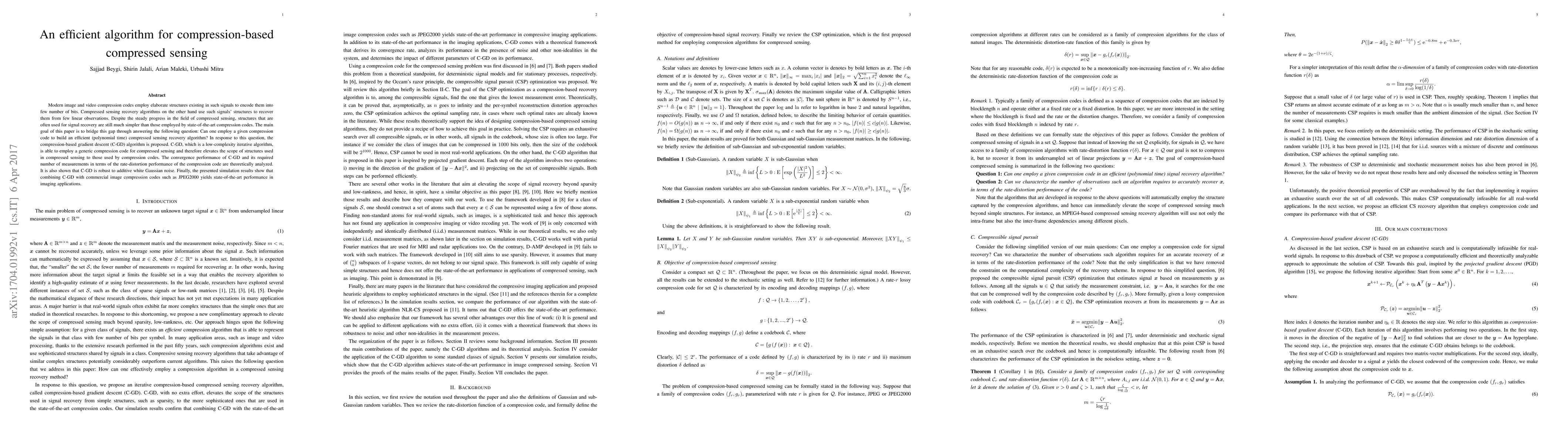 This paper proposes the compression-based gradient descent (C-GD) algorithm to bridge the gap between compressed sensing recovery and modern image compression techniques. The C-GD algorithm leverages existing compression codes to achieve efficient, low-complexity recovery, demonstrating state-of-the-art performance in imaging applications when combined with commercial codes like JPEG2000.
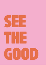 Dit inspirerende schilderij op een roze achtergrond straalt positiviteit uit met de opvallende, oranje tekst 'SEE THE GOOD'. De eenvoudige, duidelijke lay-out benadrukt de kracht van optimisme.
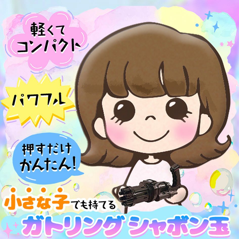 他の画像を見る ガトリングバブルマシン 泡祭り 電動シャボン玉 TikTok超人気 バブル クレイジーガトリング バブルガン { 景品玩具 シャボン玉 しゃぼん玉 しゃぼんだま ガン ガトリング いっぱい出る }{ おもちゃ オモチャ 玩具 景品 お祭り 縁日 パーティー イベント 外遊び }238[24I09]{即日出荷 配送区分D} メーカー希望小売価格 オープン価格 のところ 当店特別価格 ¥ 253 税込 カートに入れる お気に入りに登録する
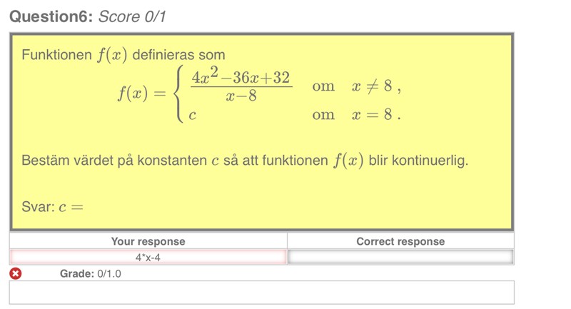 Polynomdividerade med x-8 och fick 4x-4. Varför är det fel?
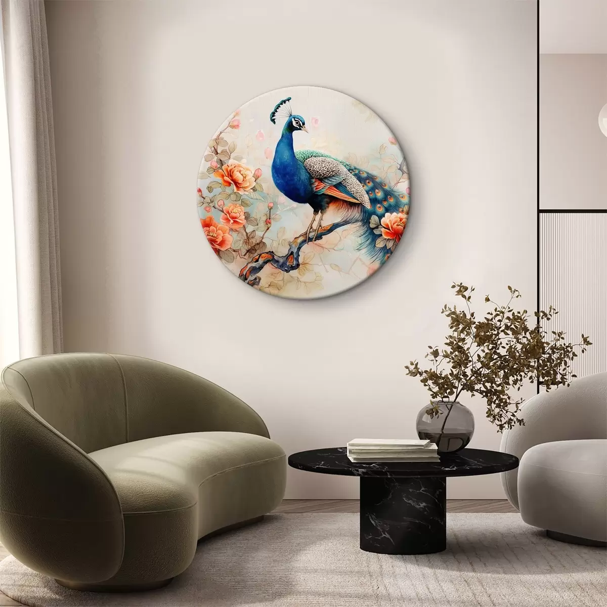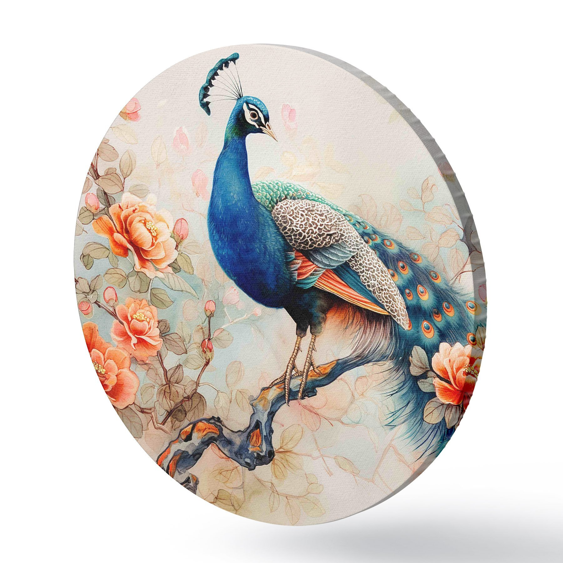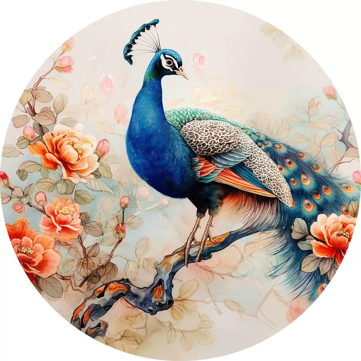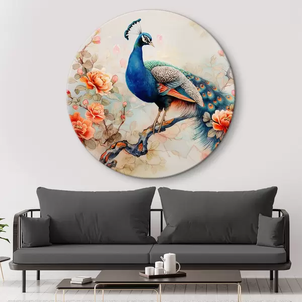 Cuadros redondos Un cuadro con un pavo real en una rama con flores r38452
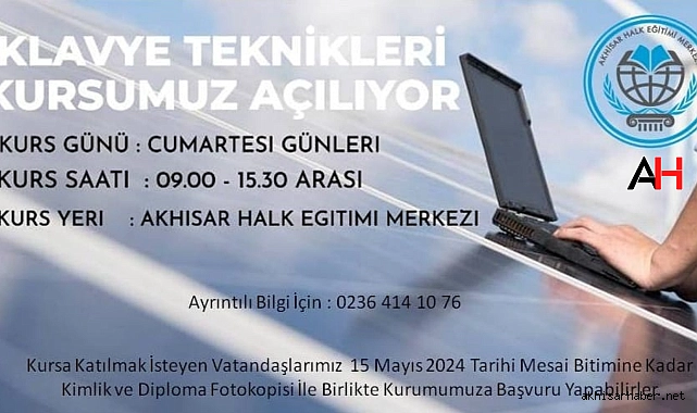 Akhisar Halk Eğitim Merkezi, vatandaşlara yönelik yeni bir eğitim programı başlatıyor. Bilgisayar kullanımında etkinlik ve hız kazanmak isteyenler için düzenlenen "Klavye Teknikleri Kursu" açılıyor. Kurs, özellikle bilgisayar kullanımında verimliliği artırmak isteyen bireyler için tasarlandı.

────────

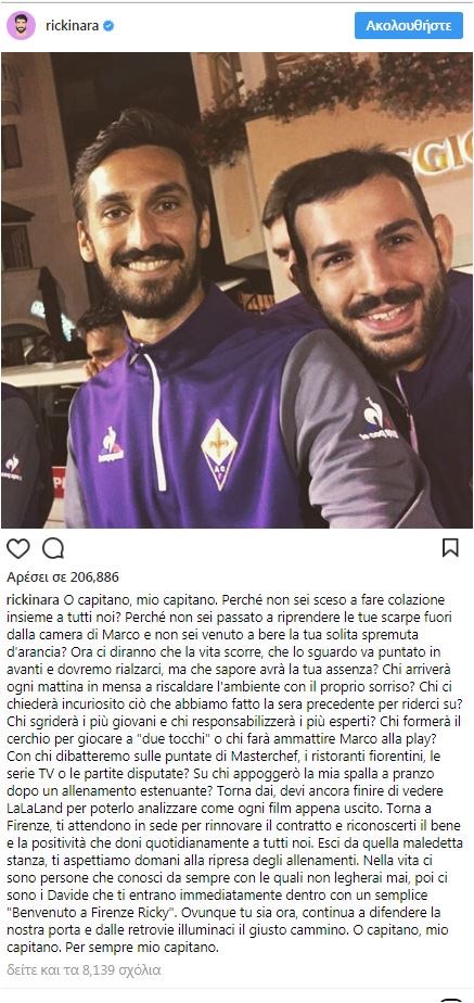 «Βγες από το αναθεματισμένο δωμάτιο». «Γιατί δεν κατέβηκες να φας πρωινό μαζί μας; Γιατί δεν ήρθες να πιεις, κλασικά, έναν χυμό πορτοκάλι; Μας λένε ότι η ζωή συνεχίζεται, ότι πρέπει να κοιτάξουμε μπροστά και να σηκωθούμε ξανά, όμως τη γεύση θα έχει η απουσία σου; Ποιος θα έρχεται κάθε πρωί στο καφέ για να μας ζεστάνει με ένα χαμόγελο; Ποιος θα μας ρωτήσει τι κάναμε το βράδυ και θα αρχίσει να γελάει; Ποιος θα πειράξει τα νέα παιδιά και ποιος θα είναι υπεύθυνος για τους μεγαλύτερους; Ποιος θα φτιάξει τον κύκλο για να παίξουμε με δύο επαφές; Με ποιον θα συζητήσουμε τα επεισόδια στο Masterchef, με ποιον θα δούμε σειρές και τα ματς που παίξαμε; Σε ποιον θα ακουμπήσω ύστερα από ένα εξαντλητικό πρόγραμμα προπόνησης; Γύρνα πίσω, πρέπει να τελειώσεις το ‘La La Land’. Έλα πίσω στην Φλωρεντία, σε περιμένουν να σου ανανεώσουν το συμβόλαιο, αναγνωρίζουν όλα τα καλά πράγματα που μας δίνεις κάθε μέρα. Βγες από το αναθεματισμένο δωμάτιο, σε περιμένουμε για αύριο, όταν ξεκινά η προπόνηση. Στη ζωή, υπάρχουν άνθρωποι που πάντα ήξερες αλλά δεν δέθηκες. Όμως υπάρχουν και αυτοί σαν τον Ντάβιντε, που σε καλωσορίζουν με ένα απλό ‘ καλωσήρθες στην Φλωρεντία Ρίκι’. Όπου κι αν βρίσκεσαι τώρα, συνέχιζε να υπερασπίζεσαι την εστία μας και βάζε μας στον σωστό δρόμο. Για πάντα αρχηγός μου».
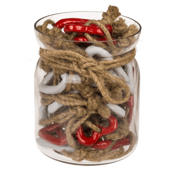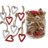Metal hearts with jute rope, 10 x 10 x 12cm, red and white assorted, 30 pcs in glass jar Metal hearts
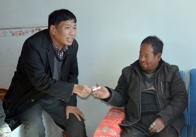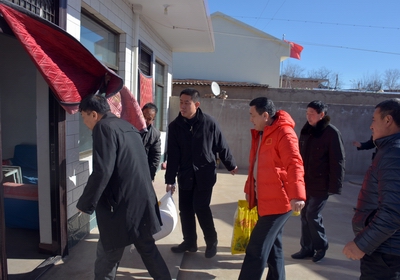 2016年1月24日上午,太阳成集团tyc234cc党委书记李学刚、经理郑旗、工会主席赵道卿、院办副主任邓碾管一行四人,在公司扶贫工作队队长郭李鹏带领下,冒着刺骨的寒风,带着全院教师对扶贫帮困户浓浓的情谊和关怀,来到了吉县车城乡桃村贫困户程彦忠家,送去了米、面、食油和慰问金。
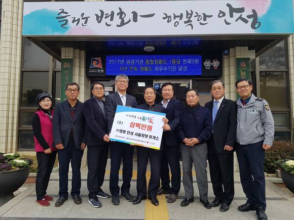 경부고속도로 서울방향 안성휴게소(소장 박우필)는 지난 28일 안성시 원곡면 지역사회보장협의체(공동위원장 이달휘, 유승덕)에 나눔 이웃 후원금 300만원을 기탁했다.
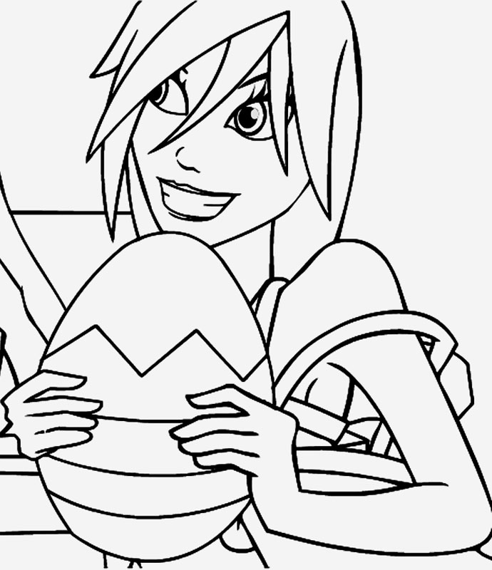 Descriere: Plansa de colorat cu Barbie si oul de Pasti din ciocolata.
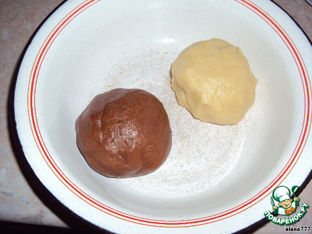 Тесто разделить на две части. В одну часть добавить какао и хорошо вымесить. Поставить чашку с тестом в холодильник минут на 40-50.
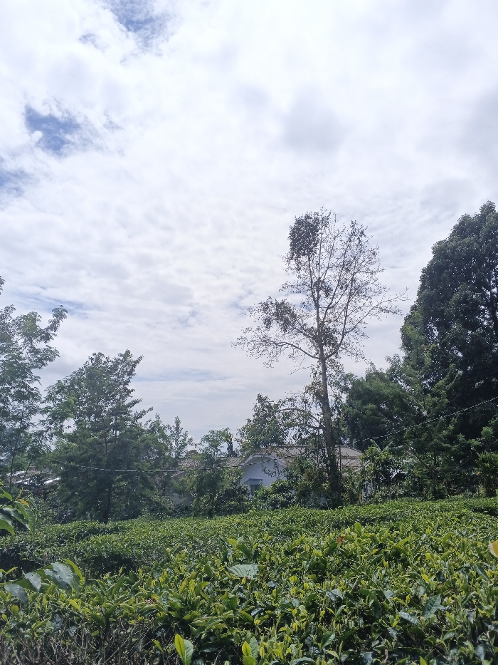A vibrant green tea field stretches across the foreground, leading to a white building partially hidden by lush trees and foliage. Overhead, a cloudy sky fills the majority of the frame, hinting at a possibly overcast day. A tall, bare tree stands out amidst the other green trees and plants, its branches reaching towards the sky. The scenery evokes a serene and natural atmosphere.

────────

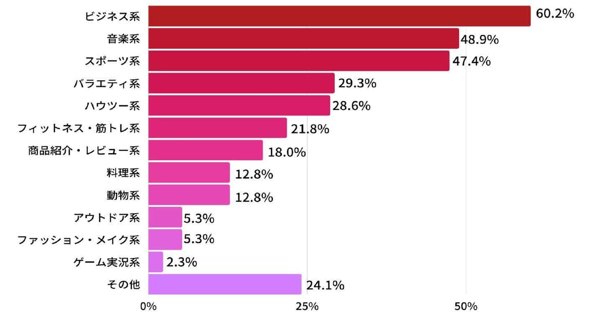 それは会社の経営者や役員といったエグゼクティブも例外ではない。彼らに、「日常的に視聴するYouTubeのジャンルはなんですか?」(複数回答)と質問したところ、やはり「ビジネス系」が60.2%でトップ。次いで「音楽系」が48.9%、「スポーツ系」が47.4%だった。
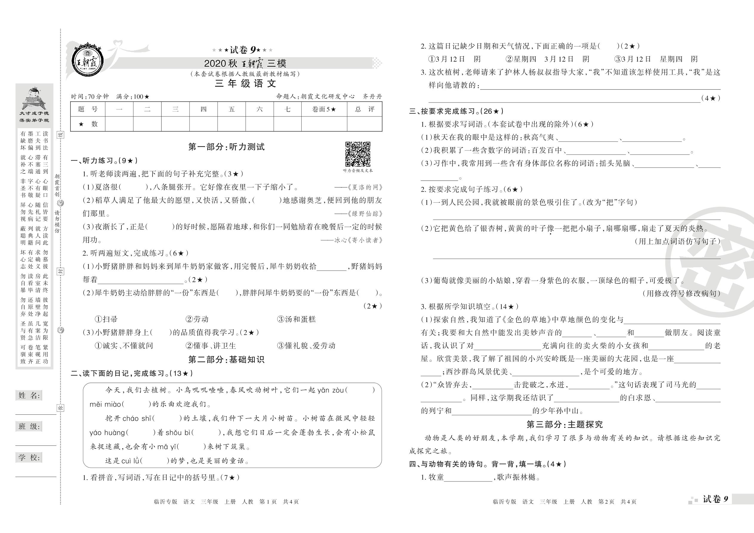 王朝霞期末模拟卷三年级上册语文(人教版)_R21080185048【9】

────────

> _Work to complete_
In the listing above, find the line with "This paper proposes" and the line with "Polynomdividerade med x-8". Copy both of them and every line between, exactly, but not the pictures.

> _Response box_
 This paper proposes the compression-based gradient descent (C-GD) algorithm to bridge the gap between compressed sensing recovery and modern image compression techniques. The C-GD algorithm leverages existing compression codes to achieve efficient, low-complexity recovery, demonstrating state-of-the-art performance in imaging applications when combined with commercial codes like JPEG2000.
 Dit inspirerende schilderij op een roze achtergrond straalt positiviteit uit met de opvallende, oranje tekst 'SEE THE GOOD'. De eenvoudige, duidelijke lay-out benadrukt de kracht van optimisme.
 他の画像を見る ガトリングバブルマシン 泡祭り 電動シャボン玉 TikTok超人気 バブル クレイジーガトリング バブルガン { 景品玩具 シャボン玉 しゃぼん玉 しゃぼんだま ガン ガトリング いっぱい出る }{ おもちゃ オモチャ 玩具 景品 お祭り 縁日 パーティー イベント 外遊び }238[24I09]{即日出荷 配送区分D} メーカー希望小売価格 オープン価格 のところ 当店特別価格 ¥ 253 税込 カートに入れる お気に入りに登録する
 Polynomdividerade med x-8 och fick 4x-4. Varför är det fel?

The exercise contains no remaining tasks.